Additive and non-additive epigenetic signatures of natural hybridization between fish species with different mating systems.

Autor: Berbel-Filho WM; Centre for Sustainable Aquatic Research, Department of Biosciences, College of Science, Swansea University, Swansea, UK., Pacheco G; Section for Evolutionary Genomics, The Globe Institute, Faculty of Health and Medical Sciences, University of Copenhagen, Copenhagen, Denmark., Lira MG; Laboratório de Ictiologia Sistemática e Evolutiva, Departamento de Botânica e Zoologia, Universidade Federal do Rio Grande, Natal, Brazil., Garcia de Leaniz C; Centre for Sustainable Aquatic Research, Department of Biosciences, College of Science, Swansea University, Swansea, UK., Lima SMQ; Laboratório de Ictiologia Sistemática e Evolutiva, Departamento de Botânica e Zoologia, Universidade Federal do Rio Grande, Natal, Brazil., Rodríguez-López CM; Environmental Epigenetics and Genetics Group, Department of Horticulture, College of Agriculture, Food and Environment, University of Kentucky, Lexington, KY, USA., Zhou J; State Key Laboratory of Plant Genomics, Institute of Microbiology, Chinese Academy of Sciences, Beijing, China., Consuegra S; Centre for Sustainable Aquatic Research, Department of Biosciences, College of Science, Swansea University, Swansea, UK.
Jazyk: angličtina
Zdroj: Epigenetics [Epigenetics] 2022 Dec; Vol. 17 (13), pp. 2356-2365. Date of Electronic Publication: 2022 Sep 15.

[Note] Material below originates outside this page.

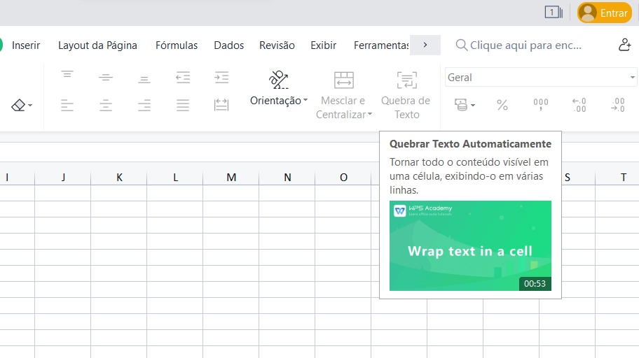 12. Selecione o botão "Quebrar Texto" no Grupo de Alinhamento.

DOI: 10.1080/15592294.2022.2123014
Abstrakt: Hybridization is a major source of evolutionary innovation. In plants, epigenetic mechanisms can help to stabilize hybrid genomes and contribute to reproductive isolation, but the relationship between genetic and epigenetic changes in animal hybrids is unclear. We analysed the relationship between genetic background and methylation patterns in natural hybrids of two genetically divergent fish species with different mating systems, Kryptolebias hermaphroditus (self-fertilizing) and K. ocellatus (outcrossing). Co-existing parental species displayed highly distinct genetic (SNPs) and methylation patterns (37,000 differentially methylated cytosines). Hybrids had predominantly intermediate methylation patterns (88.5% of the sites) suggesting additive effects, as expected from hybridization between genetically distant species. The large number of differentially methylated cytosines between hybrids and parental species (n = 5,800) suggests that hybridization may play a role in increasing genetic and epigenetic variation. Although most of the observed epigenetic variation was additive and had a strong genetic component, we also found a small percentage of non-additive, potentially stochastic, methylation differences that might act as an evolutionary bet-hedging strategy and increase fitness under environmental instability.